- WHAT IS BEING ASKED: At the line that holds "Karta som visar", start repeating, and keep going exactly through the final line of the material; include both ends and skip the pictures.

- RECORDED INFORMATION:

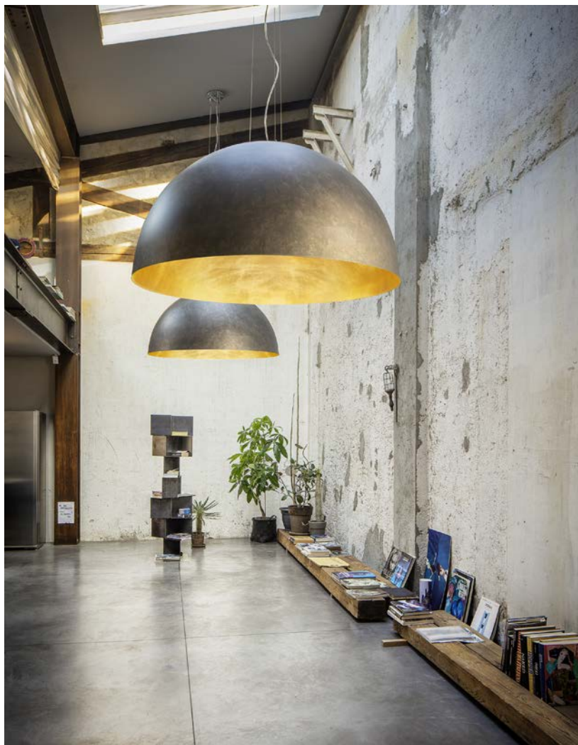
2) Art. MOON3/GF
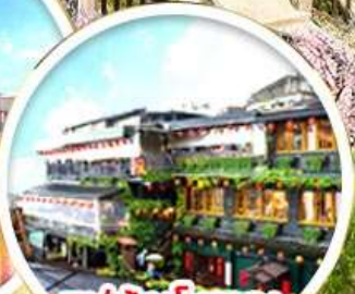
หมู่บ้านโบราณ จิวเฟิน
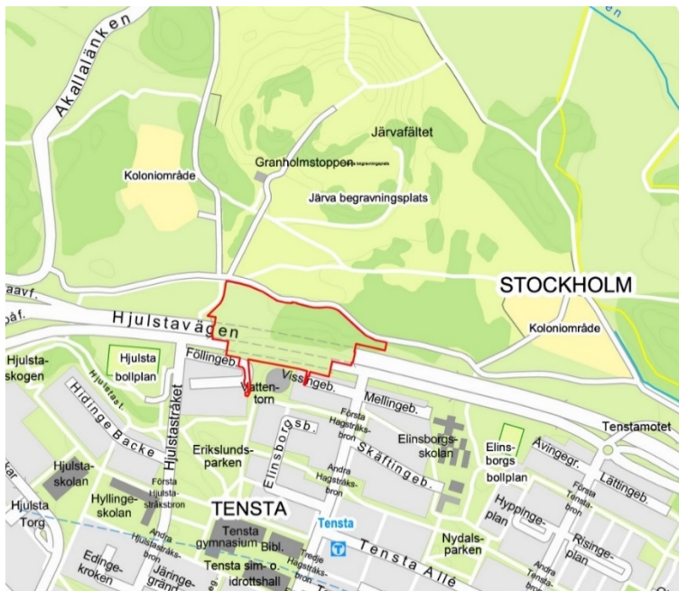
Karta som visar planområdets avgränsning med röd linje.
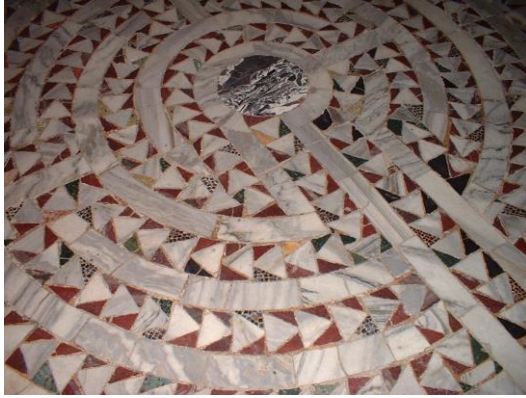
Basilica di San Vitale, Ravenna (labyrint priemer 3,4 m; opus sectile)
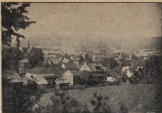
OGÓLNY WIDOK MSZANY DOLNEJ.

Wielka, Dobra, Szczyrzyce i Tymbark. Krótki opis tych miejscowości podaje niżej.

- EXERCISE ANSWER:
Karta som visar planområdets avgränsning med röd linje.
Basilica di San Vitale, Ravenna (labyrint priemer 3,4 m; opus sectile)
OGÓLNY WIDOK MSZANY DOLNEJ.

Wielka, Dobra, Szczyrzyce i Tymbark. Krótki opis tych miejscowości podaje niżej.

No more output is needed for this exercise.